** Opening Data block **

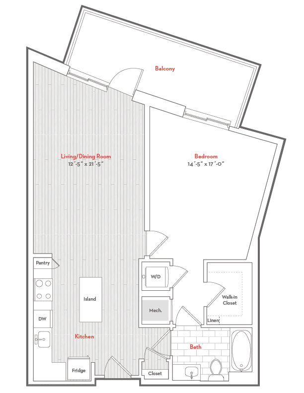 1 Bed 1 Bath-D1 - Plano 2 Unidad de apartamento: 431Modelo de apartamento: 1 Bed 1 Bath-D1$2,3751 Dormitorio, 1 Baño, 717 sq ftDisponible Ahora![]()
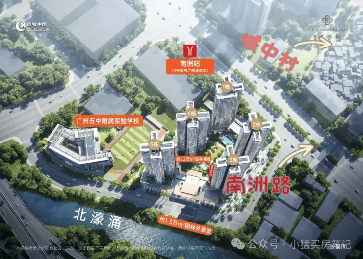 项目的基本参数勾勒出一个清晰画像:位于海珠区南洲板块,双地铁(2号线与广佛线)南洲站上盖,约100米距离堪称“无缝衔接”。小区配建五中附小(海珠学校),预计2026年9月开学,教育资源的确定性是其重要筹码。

** Closing Data block **
** Opening Data block **

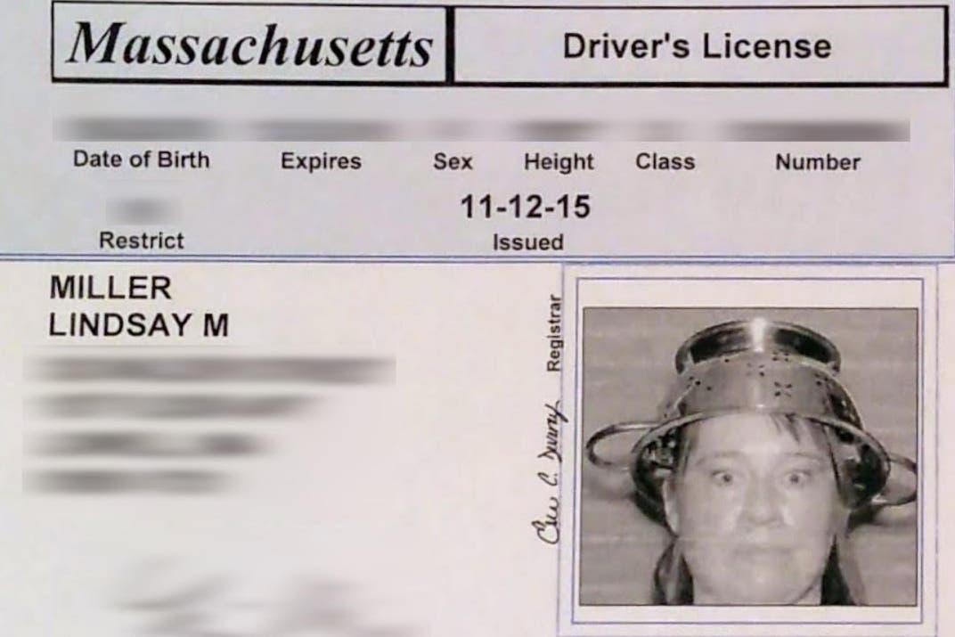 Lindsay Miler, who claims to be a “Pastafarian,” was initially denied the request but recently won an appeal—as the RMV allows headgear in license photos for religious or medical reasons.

** Closing Data block **

Exercise:
An exact copy is needed. It runs from the line above containing "1 Bed 1 Bath-D1 - Plano" down to the line containing "项目的基本参数勾勒出一个清晰", both included, with no pictures.

Answer to the problem:
 1 Bed 1 Bath-D1 - Plano 2 Unidad de apartamento: 431Modelo de apartamento: 1 Bed 1 Bath-D1$2,3751 Dormitorio, 1 Baño, 717 sq ftDisponible Ahora![]()
 项目的基本参数勾勒出一个清晰画像:位于海珠区南洲板块,双地铁(2号线与广佛线)南洲站上盖,约100米距离堪称“无缝衔接”。小区配建五中附小(海珠学校),预计2026年9月开学,教育资源的确定性是其重要筹码。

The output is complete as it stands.